Diese Geschichte könnte vor Jahrhunderten spielen. Außer der Dürre deutet nichts auf die Gegenwart hin – bis plötzlich Enkelsohn Clever (Santos Choque) auftaucht. In globalistischer Plastikjacke samt Kopfhörern und Smartphone durchbricht er die ästhetische Harmonie des Films. So plump der Kontrast auch anmuten könnte, der brutale Bruch zwischen mystischer Aymara-Tradition und synthetisch glattgezogener Design-Moderne sitzt.
Der Blick geht in Richtung Berge

Clever ist ein Alien, der mit der Andenkultur nichts mehr zu tun hat, aber er ist auch Enkel. Und als dieser hört er das bedrohliche Husten des Großvaters, während der den verzogenen Städter für Wissen und Weisheit der Ahnen sensibilisieren will. Virginio weicht Fragen nach seinem Husten aus, wie immer, und verweist auf den heiligen Kondor, den Andenboten, der beispielhaft lebt und stirbt. Denn wenn das Tier merkt, dass es nicht mehr nützlich ist, zieht es sich in die Berge zurück und stürzt sich dort in den Tod. Dass Virginio es genauso machen will, steht außer Frage und wirkt so schlüssig wie alles andere, was man von ihm sieht.

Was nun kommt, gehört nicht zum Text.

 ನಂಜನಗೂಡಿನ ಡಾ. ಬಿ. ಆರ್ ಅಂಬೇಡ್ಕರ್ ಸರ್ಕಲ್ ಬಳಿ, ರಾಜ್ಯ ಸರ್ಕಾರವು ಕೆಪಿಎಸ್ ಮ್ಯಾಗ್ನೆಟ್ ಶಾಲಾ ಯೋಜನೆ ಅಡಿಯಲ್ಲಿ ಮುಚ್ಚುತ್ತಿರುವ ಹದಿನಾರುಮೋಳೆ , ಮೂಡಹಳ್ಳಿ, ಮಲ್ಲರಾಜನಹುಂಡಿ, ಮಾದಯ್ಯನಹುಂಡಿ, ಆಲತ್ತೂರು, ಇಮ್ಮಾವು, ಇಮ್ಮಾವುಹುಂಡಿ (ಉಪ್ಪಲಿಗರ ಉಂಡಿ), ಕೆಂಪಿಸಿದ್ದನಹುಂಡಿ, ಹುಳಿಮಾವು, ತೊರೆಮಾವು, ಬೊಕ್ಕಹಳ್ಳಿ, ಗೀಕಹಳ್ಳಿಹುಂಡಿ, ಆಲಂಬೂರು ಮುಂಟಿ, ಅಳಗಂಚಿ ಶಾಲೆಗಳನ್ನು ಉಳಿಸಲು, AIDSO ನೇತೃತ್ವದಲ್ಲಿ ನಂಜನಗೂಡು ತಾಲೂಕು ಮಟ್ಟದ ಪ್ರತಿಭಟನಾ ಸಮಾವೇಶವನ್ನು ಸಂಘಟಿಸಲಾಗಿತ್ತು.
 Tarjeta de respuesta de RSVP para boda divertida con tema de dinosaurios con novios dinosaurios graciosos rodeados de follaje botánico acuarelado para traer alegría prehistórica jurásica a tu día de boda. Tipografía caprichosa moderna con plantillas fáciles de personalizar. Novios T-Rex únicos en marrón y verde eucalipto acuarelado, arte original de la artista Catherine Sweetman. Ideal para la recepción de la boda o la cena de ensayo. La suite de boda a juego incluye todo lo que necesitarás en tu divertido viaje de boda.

Doch Clever protestiert, sie müssten in die Stadt, zum Arzt, und auch das Wasserproblem werde nicht verschwinden. Selbst im Dorfrat sind nur noch wenige Virginios Meinung, man müsse hierbleiben, um jeden Preis die Tradition bewahren und beten. Nicht mal Sisa. Doch die schweigt, würdevoll und trotzig, auch wenn sie das weit entfernte Wasser kaum noch holen kann. Brunnen von der Regierung, die würden helfen, doch auf die ist hier wohl wirklich kein Verlass. Und so bleibt es an Clever, sich weiter mit dem Alten zu reiben und ihm nach heftigem Streit dem Arzt nach Hause zu bringen. Und dort muss er ertragen, wie der Großvater sich treu bleibt, modernen Vorstellungen zum Trotz. Aber auch Clever ist da schon halb verwandelt, die Plastikkleidung längst verschwunden. Sein Blick geht Richtung Berge.
Brachiale Naturschönheit

In seinem bildgewaltigen Regiedebüt verbindet Alejandro Loayza Grisi die einzigartige Szenerie des bolivianischen Altiplanos mit einer universellen Geschichte über Heimat, Liebe und Tod. Im Miteinander der Aymara-Gemeinde tritt eine spirituelle Verbundenheit mit Natur und Brauchtum in den Vordergrund, die den Menschen Sinn und Erdung zu verleihen scheint und unsere durchrationalisierte Moderne kalt erscheinen lässt. Immer wieder gelingt es dem als Kameramann für Dokumentarfilme geschulten Grisi, Bilder von großer Symmetrie und brachialer Naturschönheit zu produzieren, von denen viele auch für sich alleine stehen könnten. Wenn die weiten Landschaften dann in Porträts übergehen und hier von zutiefst menschlichen Konflikten erzählt wird, lebt etwas von dieser zeitlosen Natur auch in den Figuren weiter, vertieft ihre Verbindung zusätzlich. Könnte man jetzt doch nur den Regen ins Altiplano schicken.